Introduction:

Hsieh et al. 2008 propose a method to detect non-linearity in ecological time series using the simplex and s-map projections developed by Sugihara and co-workers. Generally, non-linear time series analysis requires long-time series to detect signals. The approach by Hsieh et al. combines individual time series of ecologically similar species into one long time series to which simplex and s-maps can be applied (termed Dewdrop regression by the authors). To illustrate their approach, a five species competition model was used to generate time series and the ability of the method to get back the original parameter values of the simulation tested under various levels of noise and lengths of the time series.

The goals for this reproduction are: * set up a simulation model of multi-species competition * understanding simplex and s-maps as forecasting tools using the recently released rEDM package. * understand the approach taken to combine several short time series into one long time series to detect non-linearity and make useful forecasts

Step 1: Simulate 5 species dynamics (as described in detail in Appendix B):

First we reproduced the dynamics of the 5 species community as follows:

The following R code implements the simulation model:

# This code implements a multispecies competition model based on the logistic map (https://en.wikipedia.org/wiki/Logistic_map)
# the equilibrium density depends on the growth rate (steady state at values between 1 and 2, extinction below 1, chaos > 3.7, fluctuations > 3)

# set seed
set.seed(190981)

## Specify the number of species
S <- 5

#growth rate in the eight-mode oscillation regime below the threshold to chaos
r <- 3.57

# specify alphas
a <- 0.05

# simulate 1000 time steps
t=seq(1,1000, by=1)

# specify matrix to hold results
N <- matrix(nrow=S, ncol=length(t))

# set initial conditions randomly
N[,1] <- runif(S)

# simulate dynamics using the discrete logistic growth model; add process noise at the end
for (i in 1:(length(t)-1)){
  
  for (j in 1:5){

    N[j,i+1] = (r * N[j,i] * (1- N[j,i]) - a*sum(N[-j,i]) ) * runif(1,0.85,1.15)
    
  }
}

# add some observation noise to time series
N <- N * runif(length(N), 0.95, 1.05)

output <- as.data.frame(t(N[1:S,]))
names(output) <- paste0("species ", 1:S)

# check for correlation in abundances
#plot(output$`species 1`, output$`species 5`)

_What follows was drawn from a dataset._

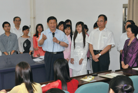 ※ 2010年5月10日,习近平在广西民族大学勉励留学生们做中外交流的友好使者。
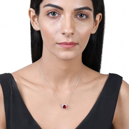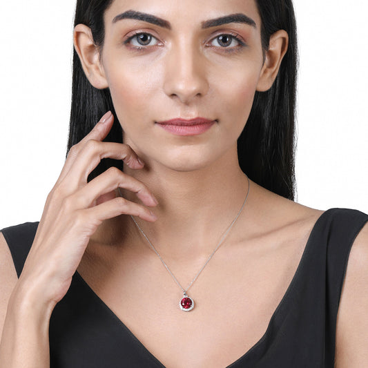 Solid Gold 5ct Natural Diamond w/ Ruby Round Necklace

#write.csv(output, "/Users/Frank/Documents/Git projects/RREEBES/Hsieh_et_al_2008/data/5sp_comp_sim_data.csv", row.names=F)

five_sp_comp <- read.csv("/Users/Frank/Documents/Git projects/RREEBES/Hsieh_et_al_2008/data/5sp_comp_sim_data.csv")
#names(five_sp_comp) <- c("time", paste0("species.", 1:5))
five_sp_comp$time <- seq(1,1000)

five_sp_comp <- five_sp_comp[,c(6,1:5)]

Plot shows time series for the 5 species competition model.

# plot results
matplot(t,t(N[1:S,]), "l",ylim=c(0,1), xlim=c(0,100),col=2:5)

Are species dynamically similar? Look at state-space plot of the different species:

One of the assumptions of the method is that composite time series originate from species with similar dynamics. We hence checked that dynamics of two species look similar with a state-space plot using the embeddings of the time series, which is just a sanity check, as the model was setup to simulate species with the same dynamics (same r and alphas) but obscured dynamics due to process and observation noise.

Embed <- function(X, dimension=4) {
  E_X <- matrix(NA, length(X)-dimension, dimension)
  for(i in 1:dimension)
    E_X[,i] <- X[(1+i-1):(length(X)-dimension+i-1)]
  E_X
}


library(plot3D)

embed_sp5 <- Embed(five_sp_comp[,c(2)], dimension=3)
colnames(embed_sp5) <- paste0("embed",1:3)
points3D(x = embed_sp5[,1],
       y = embed_sp5[,2],
       z = embed_sp5[,3],  col="blue")

embed_sp5 <- Embed(five_sp_comp[,c(3)], dimension=3)
points3D(x = embed_sp5[,1],
       y = embed_sp5[,2],
       z = embed_sp5[,3],  col="red", add=T)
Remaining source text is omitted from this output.